Suppose f(x)=5/(x-2). f'(5)=-5/9. Use this to find the equation of the tangent line to the curve y=5/x-2 at the point (5,(5/3)). write your answer in the form y=mx+b where m is the slope and b is the y-intercept. The equation of the tangent line is.....
equation of tangent:
y - 5/3 = (-5/9)(x - 5)
y = (-5/9)x + 25/9 + 5/3
y = (-5/9)x + 40/9
check my arithmetic
To find the equation of the tangent line to the curve y = 5/(x - 2) at the point (5, 5/3), we need to determine both the slope and the y-intercept of the line.
First, we can find the slope of the tangent line using the derivative. Given that f'(x) = -5/9, we substitute x = 5 into the derivative:
f'(5) = -5/9
This tells us that the slope of the tangent line at the point (5, 5/3) is -5/9.
Next, we can determine the equation of the tangent line using the point-slope form of a linear equation: y - y₁ = m(x - x₁), where (x₁, y₁) is a point on the line, and m is the slope.

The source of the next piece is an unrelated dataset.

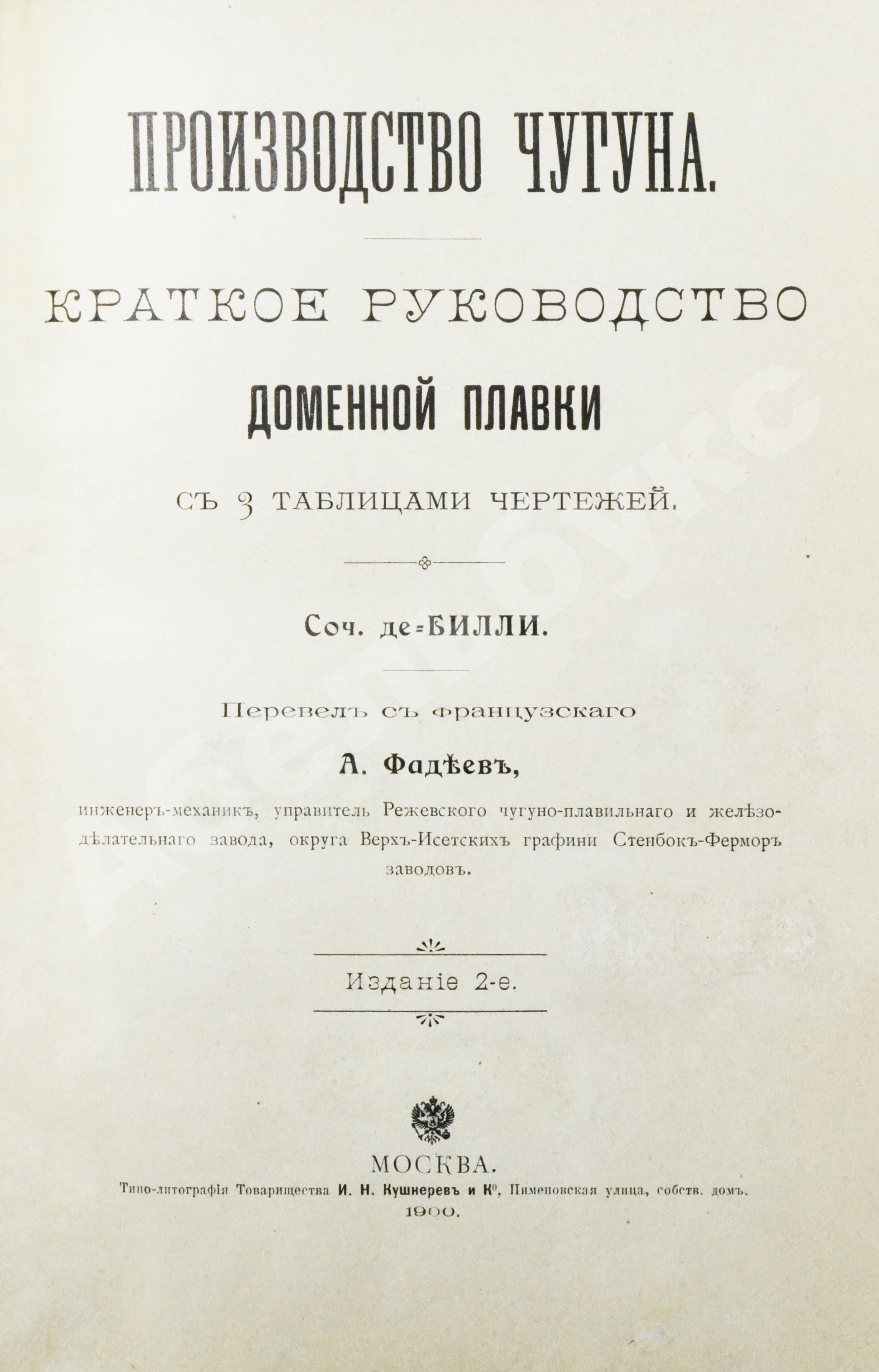 Краткое руководство доменной плавки / пер. с франц. А. Фадеев; 2-е изд.

Substituting the given point (5, 5/3) and the slope -5/9 into the equation gives:
y - 5/3 = (-5/9)(x - 5)
To put it in the form y = mx + b, we can simplify:
y - 5/3 = (-5/9)(x - 5)
y - 5/3 = (-5/9)x + 25/9
y = (-5/9)x + 25/9 + 5/3
y = (-5/9)x + 25/9 + 15/9
y = (-5/9)x + 40/9
Therefore, the equation of the tangent line is y = (-5/9)x + 40/9, where the slope (m) is -5/9, and the y-intercept (b) is 40/9.